Transformer Models for Time Series

Recent advances use attention mechanisms:

import tensorflow as tf
from tensorflow.keras.layers import MultiHeadAttention, LayerNormalization

class TimeSeriesTransformer:
    def __init__(self, seq_len=60, d_model=64, num_heads=8):
        self.seq_len = seq_len
        self.d_model = d_model
        self.num_heads = num_heads
    
    def build_model(self):
        """Build Transformer model for time series."""
        inputs = tf.keras.Input(shape=(self.seq_len, 1))
        
        # Positional encoding
        x = tf.keras.layers.Dense(self.d_model)(inputs)
        
        # Multi-head attention
        attention_output = MultiHeadAttention(
            num_heads=self.num_heads, 
            key_dim=self.d_model
        )(x, x)
        
        # Add & Norm
        x = LayerNormalization()(x + attention_output)
        
        # Feed forward
        ff_output = tf.keras.layers.Dense(self.d_model * 4, activation='relu')(x)
        ff_output = tf.keras.layers.Dense(self.d_model)(ff_output)
        
        # Add & Norm
        x = LayerNormalization()(x + ff_output)
        
        # Global pooling and output
        x = tf.keras.layers.GlobalAveragePooling1D()(x)
        outputs = tf.keras.layers.Dense(1)(x)
        
        model = tf.keras.Model(inputs, outputs)
        model.compile(optimizer='adam', loss='mse')
        
        return model

Model Comparison Framework

def compare_forecasting_models(ts, test_size=30):
    """Compare different forecasting approaches."""
    from sklearn.metrics import mean_absolute_error, mean_squared_error
    
    # Split data
    train = ts[:-test_size]
    test = ts[-test_size:]
    
    results = {}
    
    # ARIMA
    arima = ARIMAForecaster(order=(2,1,2))
    arima.fit(train)
    arima_forecast, _ = arima.forecast(steps=test_size)
    
    # LSTM
    lstm = LSTMForecaster(lookback=60)
    lstm.fit(train, epochs=50, verbose=0)
    lstm_forecast = lstm.predict(train, steps=test_size)
    
    # Calculate metrics
    models = {
        'ARIMA': arima_forecast,
        'LSTM': lstm_forecast
    }
    
    for name, forecast in models.items():
        mae = mean_absolute_error(test, forecast)
        rmse = np.sqrt(mean_squared_error(test, forecast))
        results[name] = {'MAE': mae, 'RMSE': rmse}
    
    return results

# Usage
comparison_results = compare_forecasting_models(ts, test_size=30)
for model, metrics in comparison_results.items():
    print(f"{model}: MAE={metrics['MAE']:.2f}, RMSE={metrics['RMSE']:.2f}")

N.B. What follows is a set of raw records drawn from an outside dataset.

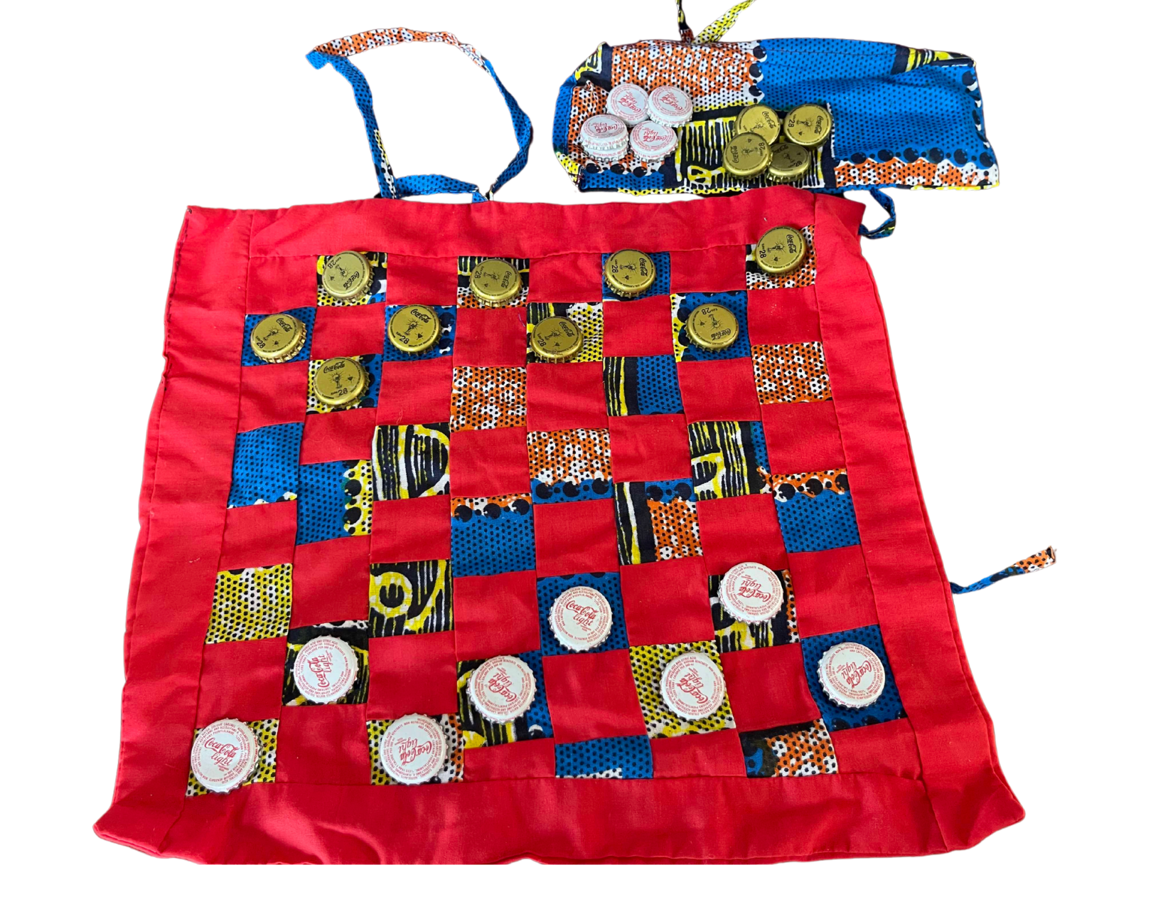This eco-friendly chess set features a soft cloth board and uniquely crafted pieces made from recycled bottle caps. Made in Kenya, it rolls up with a built-in bag—perfect for play on the go. Fun, portable, and full of sustainable charm!
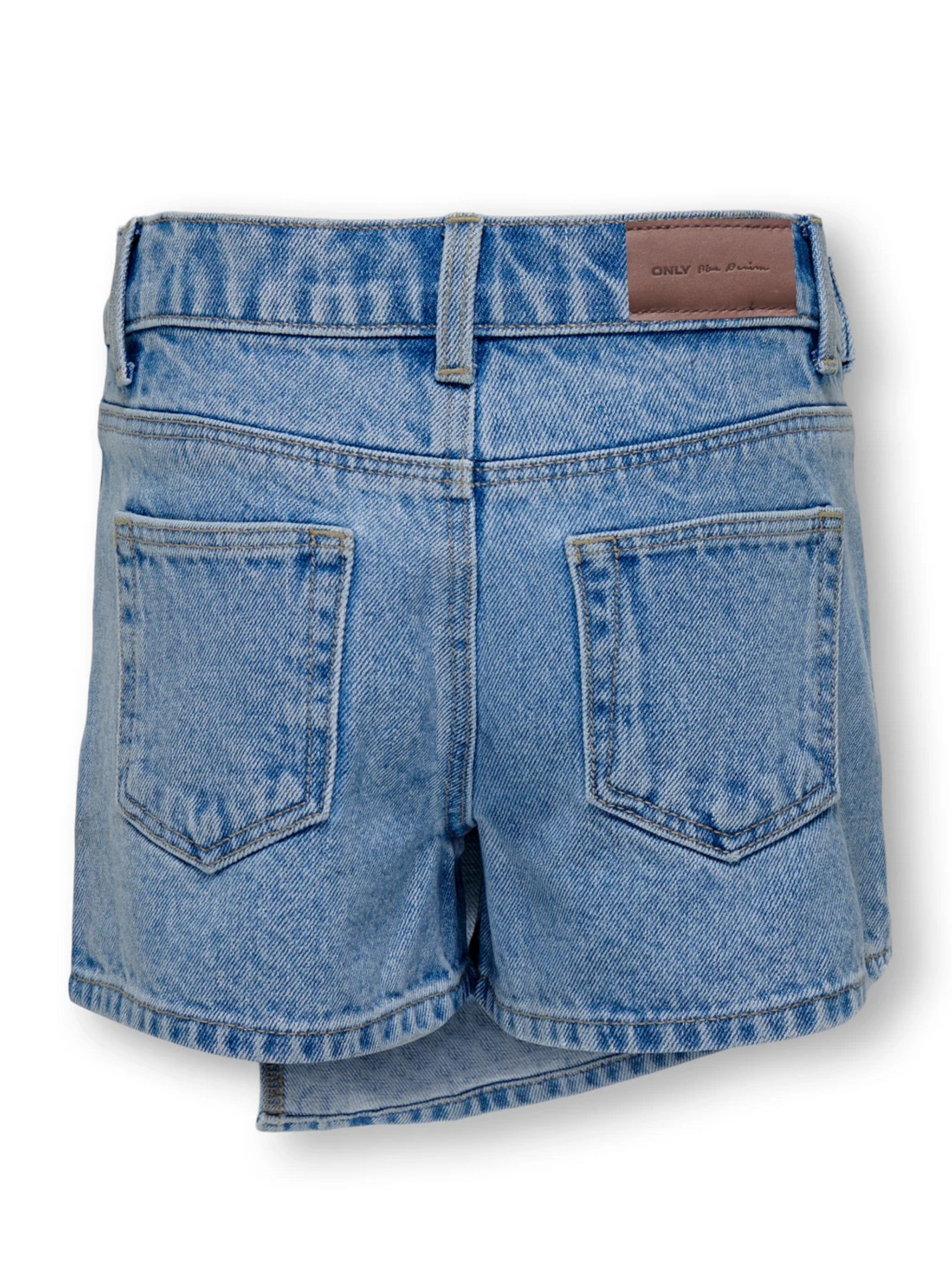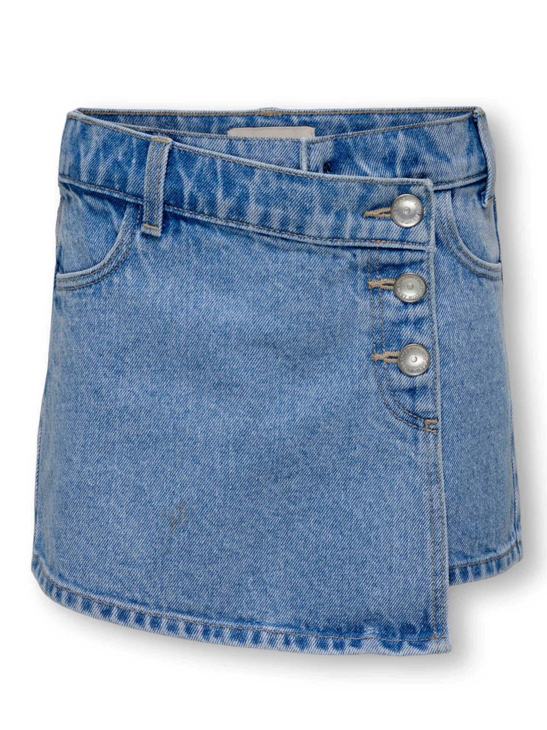 Gonna jeans Only blu da bambina 15295800, realizzata in 100% puro cotone. Questa gonna Only blu ha la chiusura con bottoni automatici, due tasche laterali aperte, due tasche posteriori a filo e il punto vita elasticizzato.
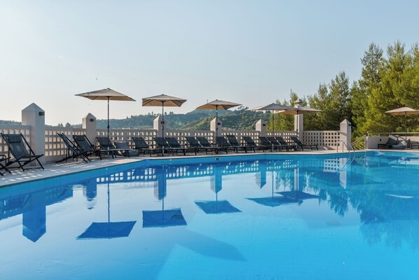 Die Zimmer innen sind gut da die renoviert wurden. Das Swimmingpool ist nicht zumutbar kein Mensch war da schwimmen da es dringend Renovierungsdürftig und schmutzig ist. Die Fliesen seitlich haben starke Ablagerungen. Diesen Swimmingpool könnte man aktuell höchstens als Teich benutzen! Das Hotel hat genau 5 Parkplätze nicht mehr. Sonst kann man neben dem Hotel auf ein sehr steilen Acker parken der Boden stark uneben ist. Eingeschränkte Personen können da nicht parken ist zu gefährlich zu stürzen. Frühstück ist einseitig kleine Auswahl jeden Tag das gleiche. Getränke sehr schlecht. Pulverkaffe und alle Säfte auch Pulver mit Wasser gemischt vom Automaten. Im Essensbereich gibt es keine Klimaanlage aber viele Ventilatoren wo hin und her blasen. Ventilatoren haben im Hotel nichts zu suchen vor allem beim essen. Abendessen war gut. Nur die Nachspeisen könnten vielfältiger sein. Preis Leistung war es für uns das schlechteste Hotel was wir besucht haben.
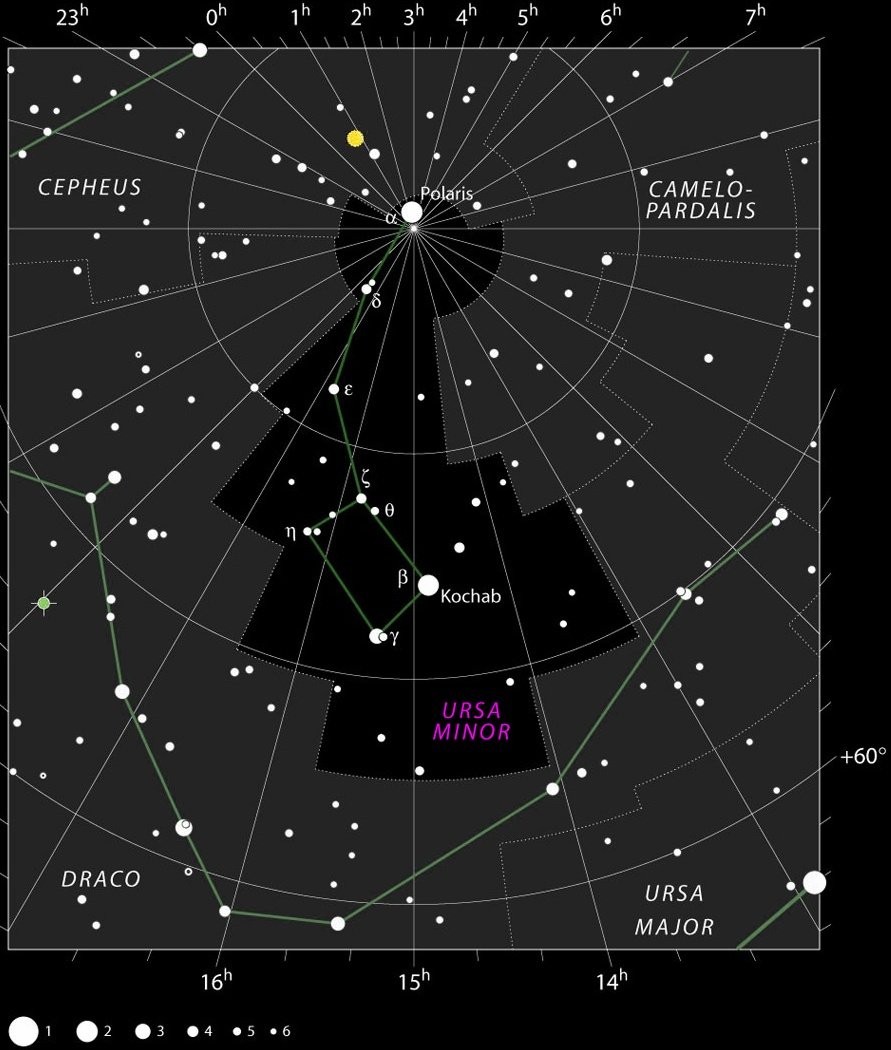 Полярная (α UMi) - желтый сверхгигант. Без преувеличения можно сказать, что это самая известная звезда. В настоящее время она расположена в 44’ от северного полюса мира и потому практически точно указывает на север, а высота над горизонтом примерно равна географической широте места наблюдения . В следствие прецессии в 2102 году она будет находиться на минимальном расстоянии от полюса в 27,4’.
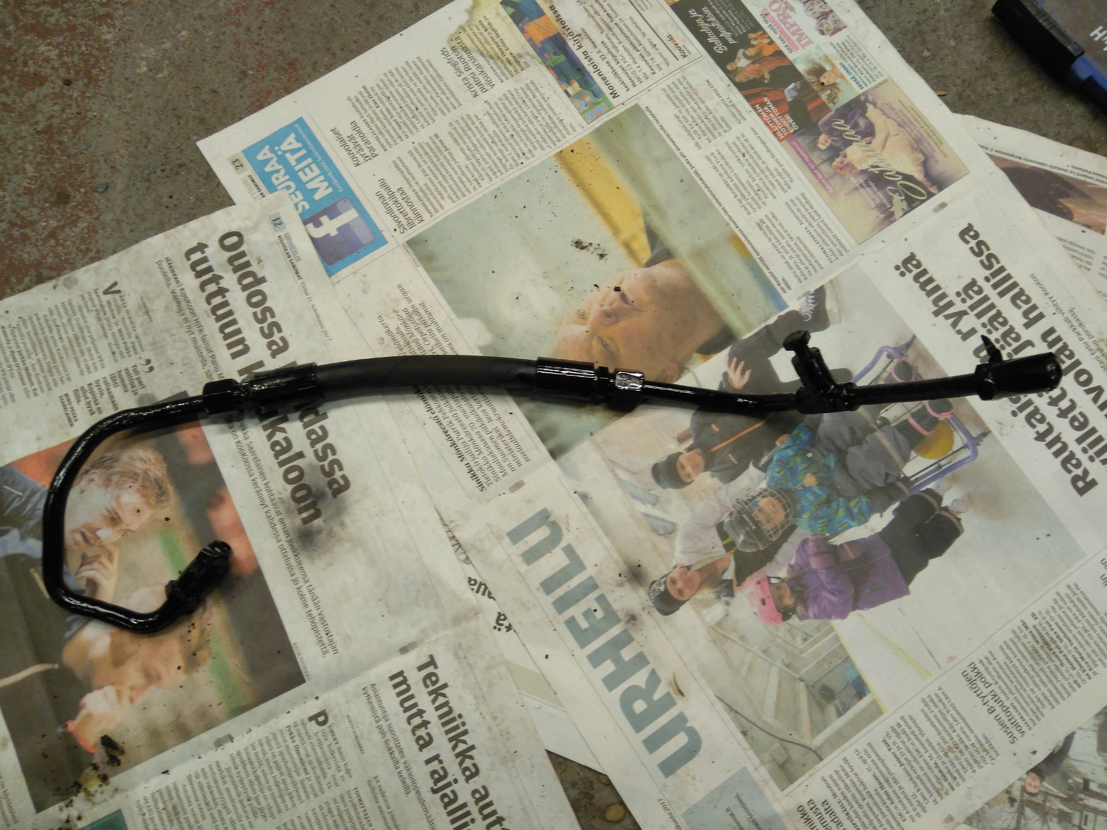 Seuraavassa se paloista koottu putki: Vasen pääty XM:n etuputkesta, keskiosa hydrauliikkaliikkeestä, ja oikea pääty alkuperäinen. On nyt vasen takaputki.
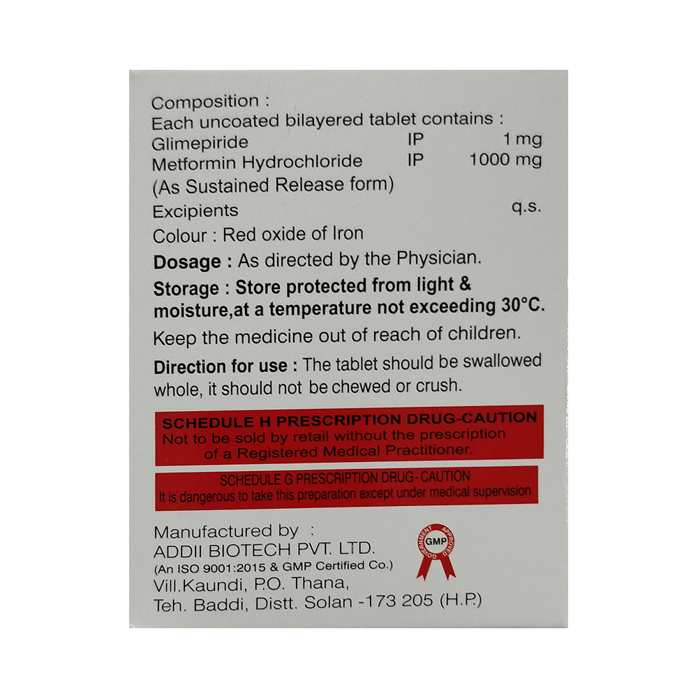 Salt Composition: Glimepiride (1mg) + Metformin (1000mg)
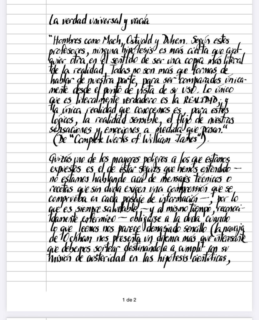 «Hombres como Mach, Ostwald y Duhem. Según estos profesores, ninguna hipótesis es mas cierta que cualquier otra en el sentido de ser una copia mas literal de la realidad. Todas no son mas que formas de hablar de nuestra parte, para ser comparados únicamente desde el punto de vista de su uso. Lo único que es literalmente verdadero es la REALIDAD; y la única realidad que conocemos es, para estos lógicos, la realidad sensible, el flujo de nuestras sensaciones y emociones a medida que pasan.» (De «Complete Works of William James»).
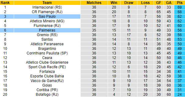 Kể cả có thắng trận đá bù này thì Sao Paulo vẫn kém đội dẫn đầu 4 điểm trong khi chỉ còn 2 vòng trước mắt. Phía đối diện, Palmeiras cũng chơi không thực sự tốt ở mùa giải năm nay, và hiện họ cũng cần nỗ lực để giữ vững vị trí thứ 6 – thứ hạng cuối cùng được dự vòng loại Copa Libertadores.
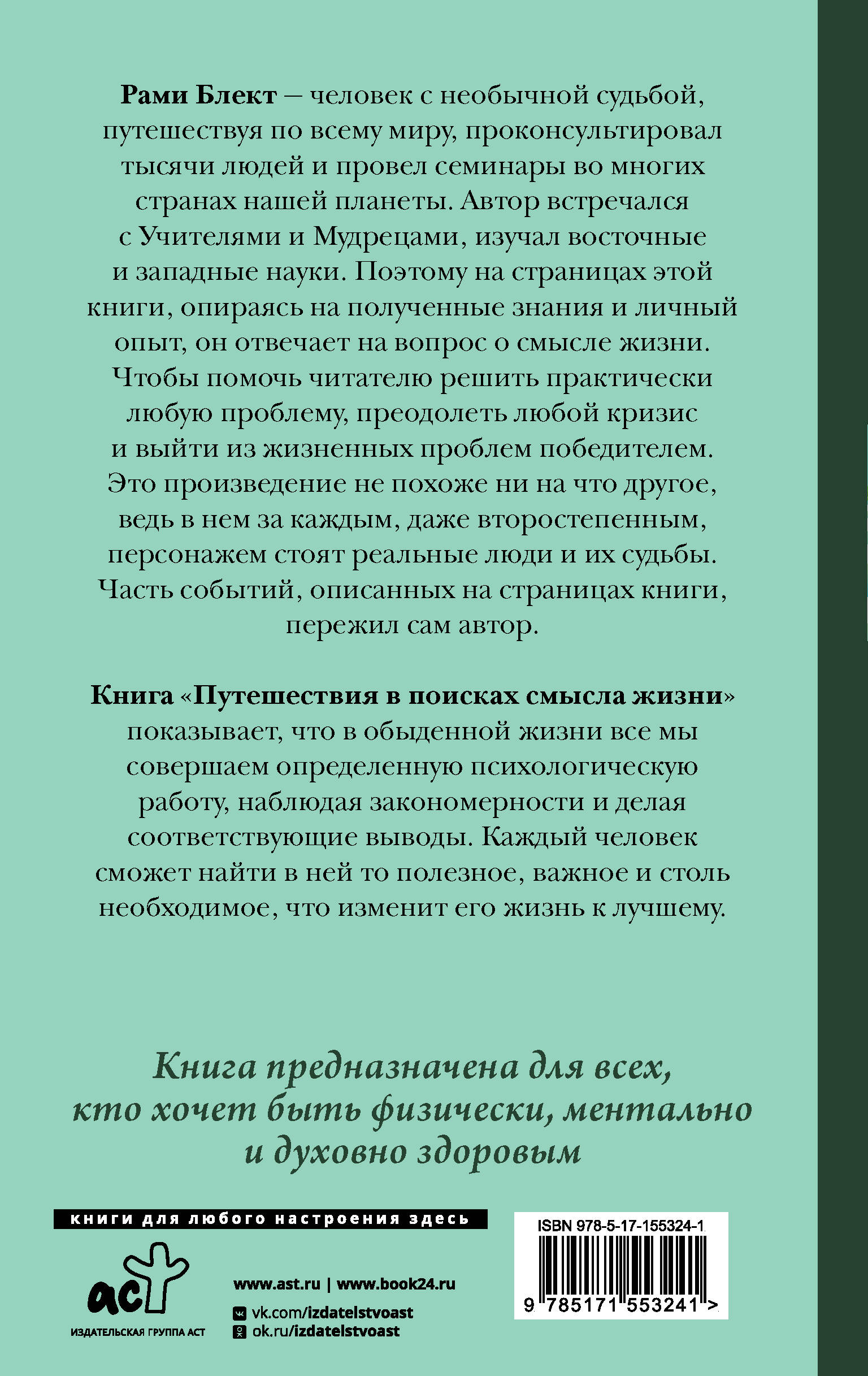 Рами Блект - человек с необычной судьбой, путешествуя по всему миру, проконсультировал тысячи людей и провел семинары во многих странах нашей планеты. Автор встречался с Учителями и Мудрецами, изучал восточные и западные науки. Поэтому на страницах этой книги, опираясь на полученные знания и личный опыт, он отвечает на вопрос о смысле жизни. Чтобы помочь читателю решить практически любую проблему, преодолеть любой кризис и выйти из жизненных проблем победителем. Это произведение не похоже ни на что другое, ведь в нем за каждым, даже второстепенным, персонажем стоят реальные люди и их судьбы. Часть событий, описанных на страницах книги, пережил сам автор. Книга "Путешествия в поисках смысла жизни" показывает, что в обыденной жизни все мы совершаем определенную психологическую работу, наблюдая закономерности и делая соответствующие выводы. Каждый человек сможет найти в ней то полезное, важное и столь необходимое, что изменит его жизнь к лучшему.| Издательство | ИЗДАТЕЛЬСТВО "АСТ" |

Choosing the Right Approach

| Method | Best For | Limitations | |--------|----------|-------------| | ARIMA | Linear patterns, small data | Non-linear patterns | | LSTM | Non-linear patterns, medium data | Requires lots of data | | Transformer | Complex patterns, large data | Computationally expensive |

Advanced Topics

1. Seasonal ARIMA (SARIMA)

For data with seasonal patterns:

$ARIMA(p,d,q) \times (P,D,Q)_s$

2. Prophet by Facebook

Great for business time series with holidays and seasonality:

from prophet import Prophet

df_prophet = pd.DataFrame({'ds': ts.index, 'y': ts.values})
model = Prophet()
model.fit(df_prophet)

future = model.make_future_dataframe(periods=30)
forecast = model.predict(future)
model.plot(forecast)

3. Ensemble Methods

Combine multiple forecasting models:

def ensemble_forecast(forecasts, weights=None):
    """Weighted ensemble of forecasts."""
    if weights is None:
        weights = np.ones(len(forecasts)) / len(forecasts)
    
    return np.average(forecasts, axis=0, weights=weights)

# Combine ARIMA and LSTM forecasts
ensemble_pred = ensemble_forecast([arima_forecast, lstm_forecast])

Conclusion

Time series forecasting requires understanding both the data characteristics and model assumptions. Classical methods like ARIMA work well for linear patterns, while neural networks excel with complex, non-linear relationships.

The key is to start simple, understand your data, and gradually increase model complexity as needed.